> TASK STATEMENT
The answer must restate the listing word for word, without its images.

> GIVEN DATA
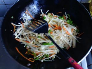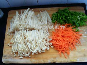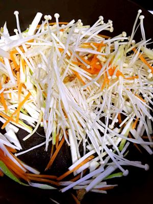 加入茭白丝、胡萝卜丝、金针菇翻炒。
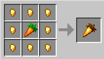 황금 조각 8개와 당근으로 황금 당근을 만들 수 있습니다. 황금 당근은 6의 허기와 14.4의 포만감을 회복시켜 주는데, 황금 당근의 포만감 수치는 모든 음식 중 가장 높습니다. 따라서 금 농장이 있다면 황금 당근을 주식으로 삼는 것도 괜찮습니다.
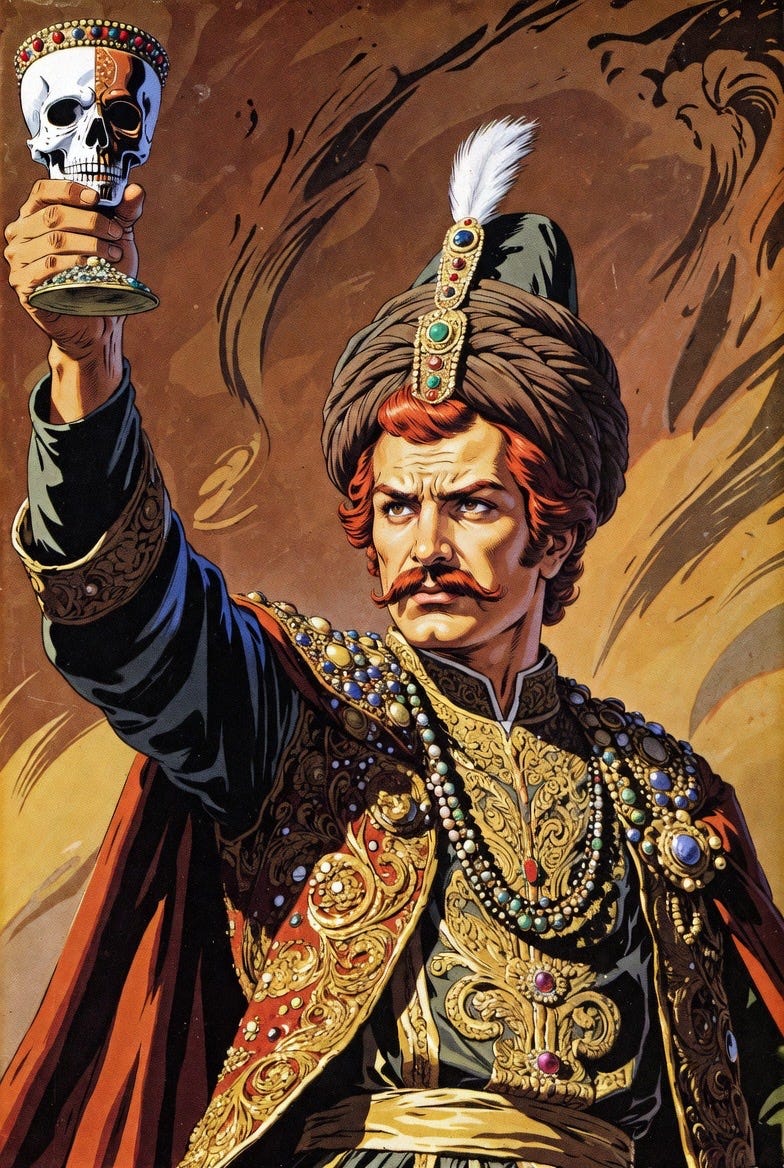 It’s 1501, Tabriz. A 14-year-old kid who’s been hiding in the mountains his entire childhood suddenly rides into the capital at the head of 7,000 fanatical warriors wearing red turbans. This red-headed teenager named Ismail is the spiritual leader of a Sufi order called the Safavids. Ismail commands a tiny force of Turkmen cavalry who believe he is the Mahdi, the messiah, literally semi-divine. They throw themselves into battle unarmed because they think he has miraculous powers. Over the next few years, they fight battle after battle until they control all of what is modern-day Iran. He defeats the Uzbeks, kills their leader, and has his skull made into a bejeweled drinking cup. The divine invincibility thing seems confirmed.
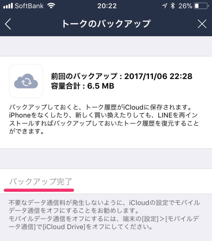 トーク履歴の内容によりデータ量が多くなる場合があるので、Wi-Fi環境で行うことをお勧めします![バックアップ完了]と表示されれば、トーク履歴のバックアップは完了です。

> WRITTEN SOLUTION
 加入茭白丝、胡萝卜丝、金针菇翻炒。
 황금 조각 8개와 당근으로 황금 당근을 만들 수 있습니다. 황금 당근은 6의 허기와 14.4의 포만감을 회복시켜 주는데, 황금 당근의 포만감 수치는 모든 음식 중 가장 높습니다. 따라서 금 농장이 있다면 황금 당근을 주식으로 삼는 것도 괜찮습니다.
 It’s 1501, Tabriz. A 14-year-old kid who’s been hiding in the mountains his entire childhood suddenly rides into the capital at the head of 7,000 fanatical warriors wearing red turbans. This red-headed teenager named Ismail is the spiritual leader of a Sufi order called the Safavids. Ismail commands a tiny force of Turkmen cavalry who believe he is the Mahdi, the messiah, literally semi-divine. They throw themselves into battle unarmed because they think he has miraculous powers. Over the next few years, they fight battle after battle until they control all of what is modern-day Iran. He defeats the Uzbeks, kills their leader, and has his skull made into a bejeweled drinking cup. The divine invincibility thing seems confirmed.
 トーク履歴の内容によりデータ量が多くなる場合があるので、Wi-Fi環境で行うことをお勧めします![バックアップ完了]と表示されれば、トーク履歴のバックアップは完了です。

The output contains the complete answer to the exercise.